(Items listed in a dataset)

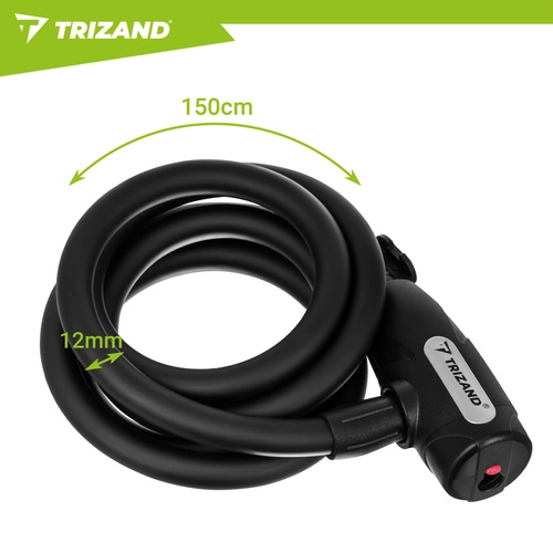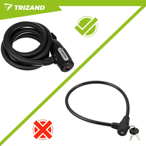 Lucchetto per bicicletta TRIZAND 150 cm, cavo in acciaio da 12 mm con chiave e supporto
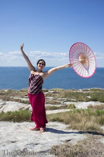 It was quite hot last August, so the strong breeze on the ferry and some parts of the island was quite welcome, as was wading and hiding under my parasol. (Had I not had a sturdy grip, my parasol would surely have been blown away during these pictures.)
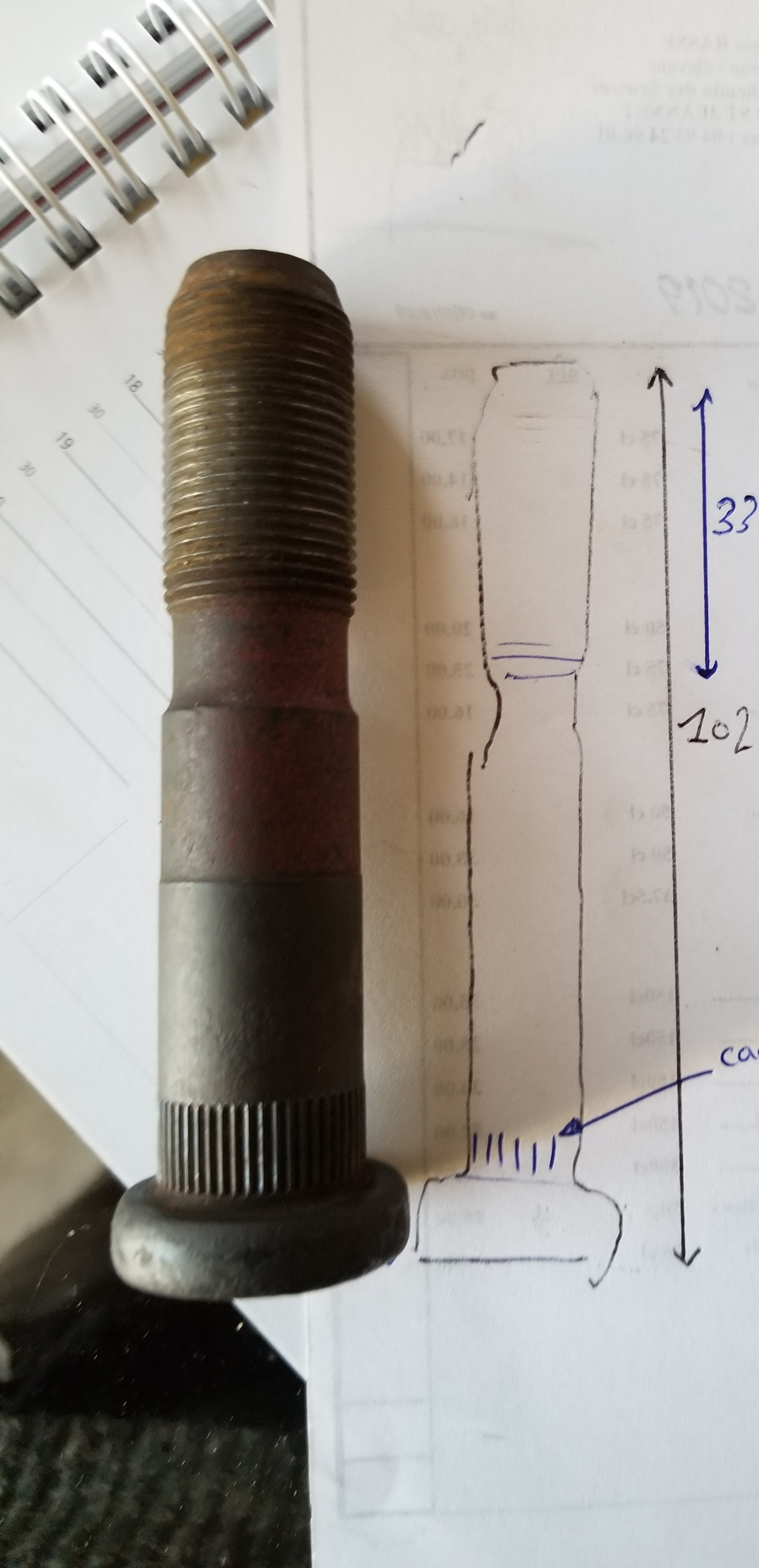 J'ai aussi du mal a trouver la bonne référence des goujons et des écrous, je trouve M22 x 1,5 pour le filetage et l'écrou qui correspond est seulement en 27mm sur internet alors que ceux que j'ai actuellement sont en 30mm.
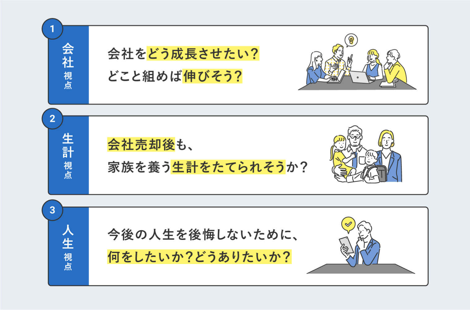 「本当に今、会社を売却することがベストな選択なのか?」 私たちは、その根本的な問いから、ご一緒させていただきます。会社の将来はもちろん、ご家族の暮らし、そして社長ご自身のこれからのやりがい。あらゆる視点から考え抜き、後悔のない意思決定ができるよう、誠実にサポートいたします。
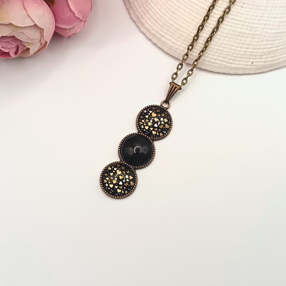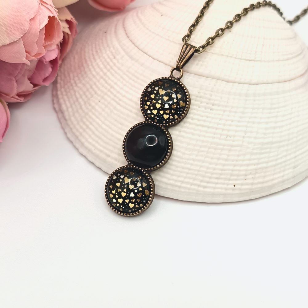 Kezdőlap Nyakláncok Antik bronz nyaklánc – fekete, arany szívecskés lencsével
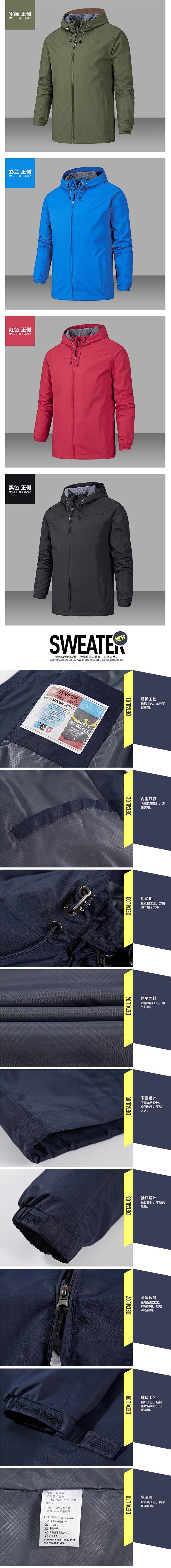 남성용 봄과 가을 후드 방풍 및 방비 등산 세트 남성용 얇은 로고 재킷 솔리드 컬러 재킷 여성용
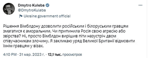 Министр иностранных дел Дмитрий Кулеба призвал правительство Великобритании отказать в визах российским и белорусским теннисистам.

**Task statement:** Before copying, set the pictures aside; then reproduce each entry above exactly.

**Reply:**
 Lucchetto per bicicletta TRIZAND 150 cm, cavo in acciaio da 12 mm con chiave e supporto
 It was quite hot last August, so the strong breeze on the ferry and some parts of the island was quite welcome, as was wading and hiding under my parasol. (Had I not had a sturdy grip, my parasol would surely have been blown away during these pictures.)
 J'ai aussi du mal a trouver la bonne référence des goujons et des écrous, je trouve M22 x 1,5 pour le filetage et l'écrou qui correspond est seulement en 27mm sur internet alors que ceux que j'ai actuellement sont en 30mm.
 「本当に今、会社を売却することがベストな選択なのか?」 私たちは、その根本的な問いから、ご一緒させていただきます。会社の将来はもちろん、ご家族の暮らし、そして社長ご自身のこれからのやりがい。あらゆる視点から考え抜き、後悔のない意思決定ができるよう、誠実にサポートいたします。
 Kezdőlap Nyakláncok Antik bronz nyaklánc – fekete, arany szívecskés lencsével
 남성용 봄과 가을 후드 방풍 및 방비 등산 세트 남성용 얇은 로고 재킷 솔리드 컬러 재킷 여성용
 Министр иностранных дел Дмитрий Кулеба призвал правительство Великобритании отказать в визах российским и белорусским теннисистам.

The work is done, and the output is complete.